I not sure why the like is not work...however I could share a YouTube link https://youtu.be/Zr12hBad7as


----------



## mgparrish (Jul 9, 2005)

dis2u said:


> Did anyone know there is a solution sublimation on 100% cotton? anyone interested to these technology? take a closer look
> 
> https://facebook.com/story.php?story_fbid=1543874499250510&id=1431728787131749


This is nothing new. You are "prepping" cotton with a chemical that is sublimatable.

You can the same results or better using a "prep paper" than using a powder, solution, etc.

Conde Systems is even marketing a "weed free" sublimate to cotton solution were there is hand only in the printed area.

I have been sublimating going back to way before inkjet printers were even used. These schemes have been around a long time.

REALITY 101.

JPSS inkjet transfer paper using pigment ink in a inkjet printer will get you the same or better results. Less opportunity for mis-applying, lower cost, great results. Don't need a poly shirt either just like this "innnovation". 

If you go thru the posts here many come here showing off this stuff, those of us who have been doing this a while is well aware of these various "sublimate to cotton" manifestations.

There are also concerns about the chemicals that go into decorating tshirts in the US. We actually have laws which dictate what can be put on a tshirt and laws that mandate those substances be tested and certified safe. CPSIA

http://www.t-shirtforums.com/general-t-shirt-selling-discussion/t69913.html

Newbies always seem to think this is some magic innovation, it is not.


----------



## Ripcord (Sep 2, 2006)

mgparrish said:


> .
> 
> JPSS inkjet transfer paper using pigment ink in a inkjet printer will get you the same or better results.


I was even suspecting that's what this is. Sublimation transfers don't stick to the shirt like that and the print isn't shiny like the one in the video.


----------



## dis2u (Jul 26, 2015)

I seen the conde video once, it's looks more easy and may not misapplied, but how much does it cost using their material in A3, it's still higher than JPSS?


----------



## mgparrish (Jul 9, 2005)

dis2u said:


> I seen the conde video once, it's looks more easy and may not misapplied, but how much does it cost using their material in A3, it's still higher than JPSS?
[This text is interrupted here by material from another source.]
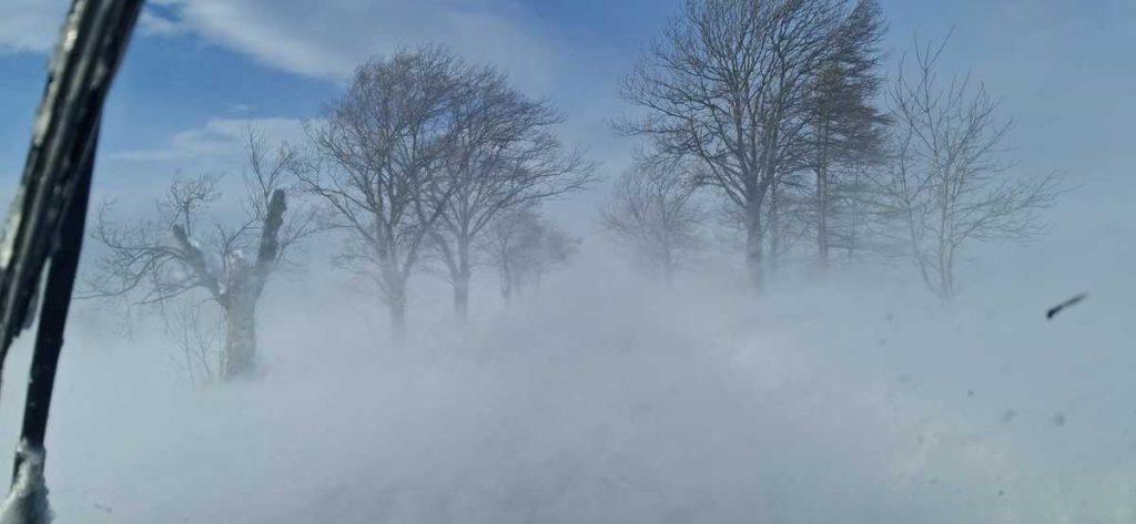 Najpierw policjanci ruszyli do Pielgrzymki, gdzie czekały na nich zasypane samochody. Wiatr był tak silny, że funkcjonariusze mieli problemy, by w ogóle utrzymać równowagę. Na pomoc stróżom prawa ruszył mieszkaniec Samoklęsk, który własnym terenowym autem zabrał jednego z policjantów i razem przedzierali się przez białą ścianę.

JPSS is about a buck for a 11 x 17

It has hand initially but gone after the first wash. Using pigment inks it is permanent.

If you use it on white 50/50 there is only a very faint hint of a background "window" in the un-printed areas and none showing after the first wash.

It can be sublimated but it's main purpose is for using regular inkjet inks. Pigments for the best washabilty.

It is the next best thing to sublimation on white t-shirts but doesn't need poly.


----------



## SDP1116 (Jul 27, 2016)

mgparrish said:


> This is nothing new. You are "prepping" cotton with a chemical that is sublimatable.
> 
> You can the same results or better using a "prep paper" than using a powder, solution, etc.
> 
> ...


 I'm curious to know what inkjet printer you use. Sorry if it's a silly question but I'm learning and would appreciate hearing back from you. Thank you. 

Sent from my VS990 using Tapatalk


----------



## mgparrish (Jul 9, 2005)

SDP1116 said:


> I'm curious to know what inkjet printer you use. Sorry if it's a silly question but I'm learning and would appreciate hearing back from you. Thank you.
> 
> Sent from my VS990 using Tapatalk


Currently use the Epson WF7110 and 4880.


----------



## SDP1116 (Jul 27, 2016)

mgparrish said:


> Currently use the Epson WF7110 and 4880.


Great! Thanks so much!!!

Sent from my VS990 using Tapatalk


----------